So what is the best classification approach? Should we talk about syndromes based on the gene that causes them or should we talk about them (and treat them) based on the clinical characteristics that they display?

This debate is not just about semantics, it affects a lot how well we develop new medicines and how many patients will benefit from them. So it is important that we get it right.

What follows is my personal view of which syndrome classification is best, when to use it, and what regulatory changes are needed in order to get more medicines to all patients with rare genetic epilepsy syndromes.

 

OVERLAP BETWEEN SYNDROMES AND GENES

The way I see the debate between genetic and symptom-base syndrome classification is that they are not exclusive; in fact, they form a matrix where many of the epilepsy genes can produce phenotypes that fit into many of the classical (phenotypic) syndrome boxes.

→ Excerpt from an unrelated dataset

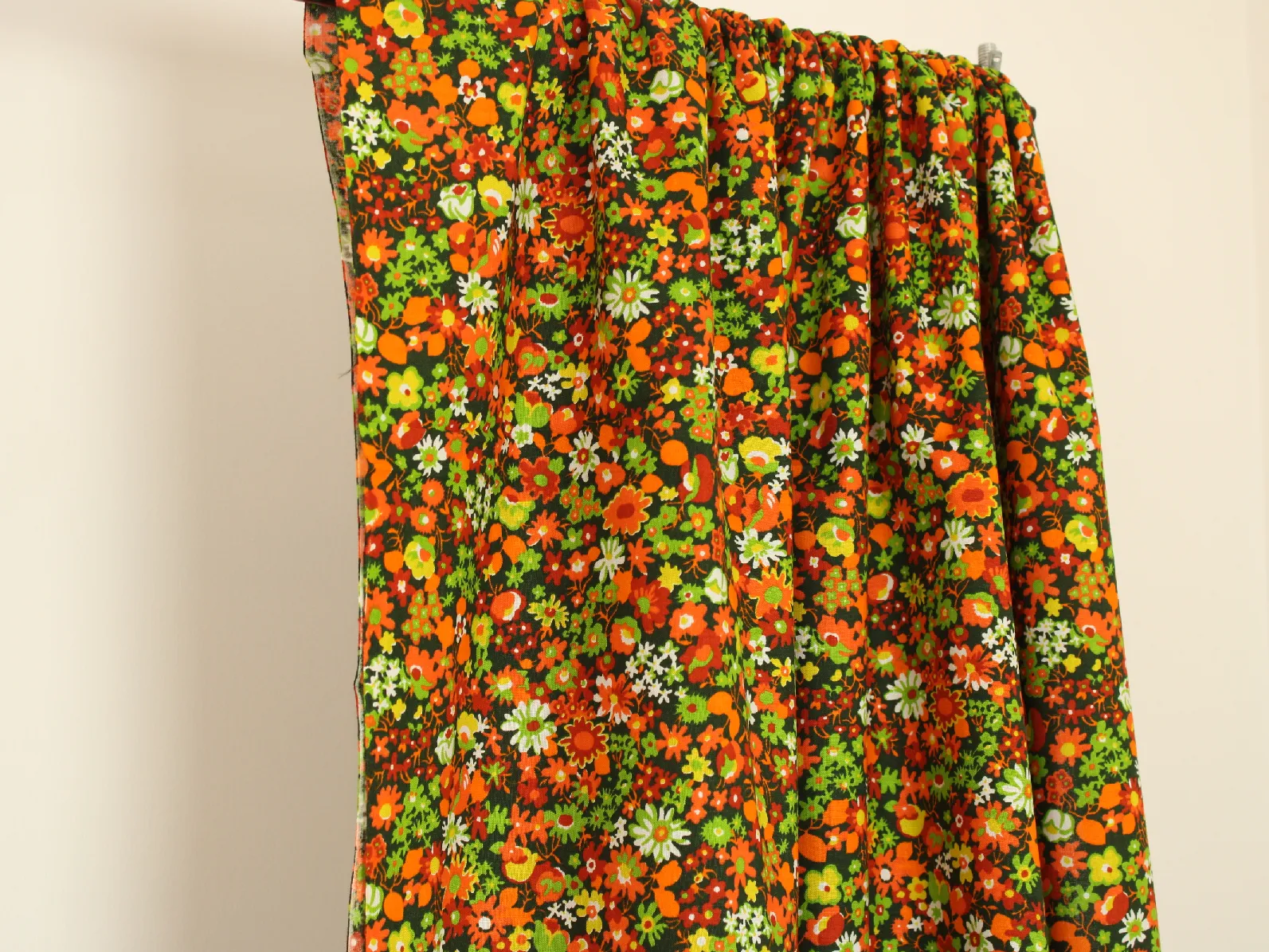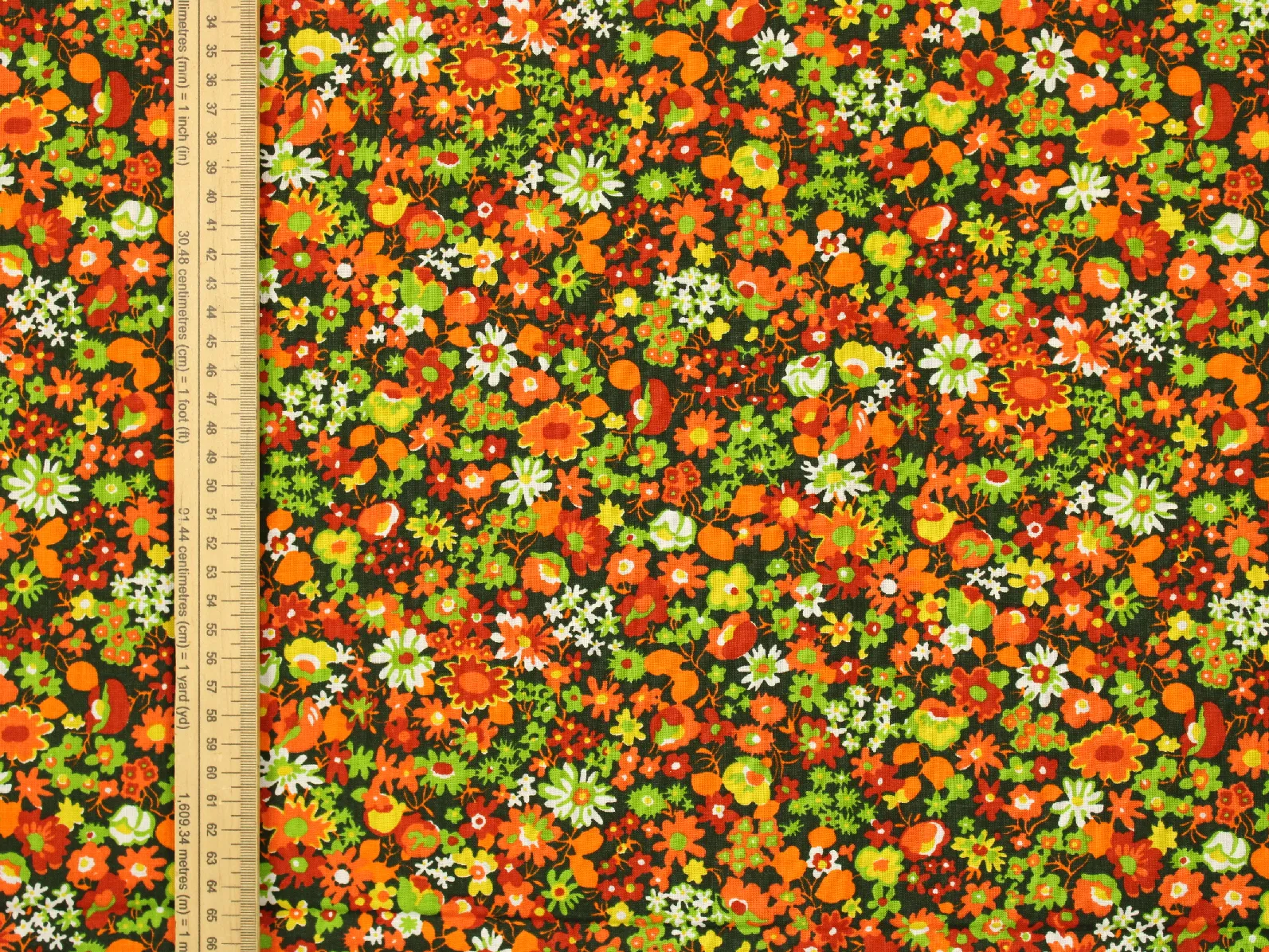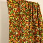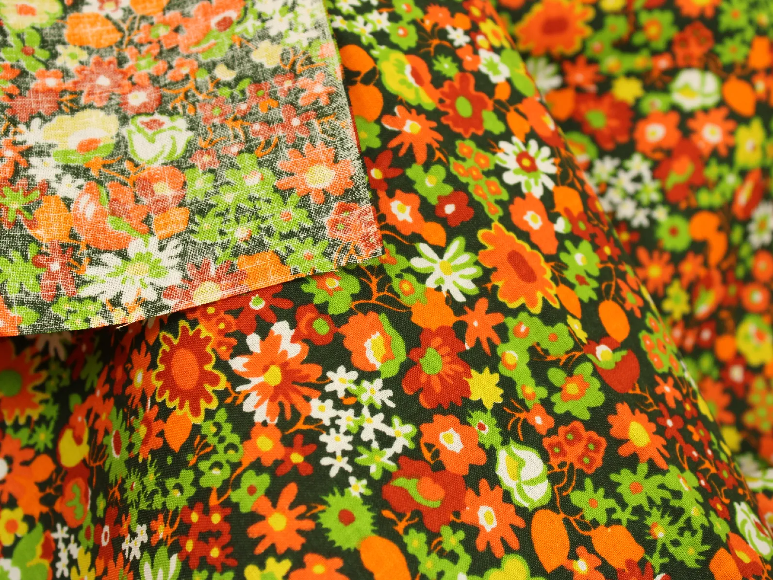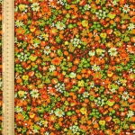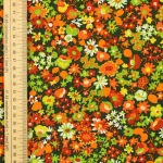 深緑地にオレンジや赤のカラフルな花々。

For illustration purposes, I’ve selected a handful of genes and syndromes and created the matrix below. While not all of these genes are found in all of these syndromes, what we have to remember is that many of the epilepsy genes are present across a large number of epilepsy syndromes.

overlap syndrome genes

With this in mind, what would be the correct diagnosis for the child of the previous story that had a diagnosis of Ohtahara syndrome before performing genetic testing but was later found to have an SCN1A mutation (typical of Dravet syndrome)? Should the genetic finding change the diagnosis to Dravet syndrome?

I would argue that both a genetic and a clinical diagnosis are needed, so the best diagnosis for this child, if his clinical symptoms are indeed a better match for Ohtahara than for Dravet syndrome, would be “Ohtahara syndrome caused by SCN1A deficiency”. And the other child in the same story would have “Dravet syndrome caused by SCN1A deficiency”. Except for a few truly monogenic syndromes, most epilepsy syndromes have many possible genetic (and sometimes non-genetic) etiologies, and most epilepsy genes produce multiple phenotypes, so I don’t need we need to prioritize the symptomatic classification over the genetic one or vice versa; both are useful and both are necessary. Instead, we should point to the right box in the matrix when diagnosing a patient, which provides both sets of genetic and clinical data.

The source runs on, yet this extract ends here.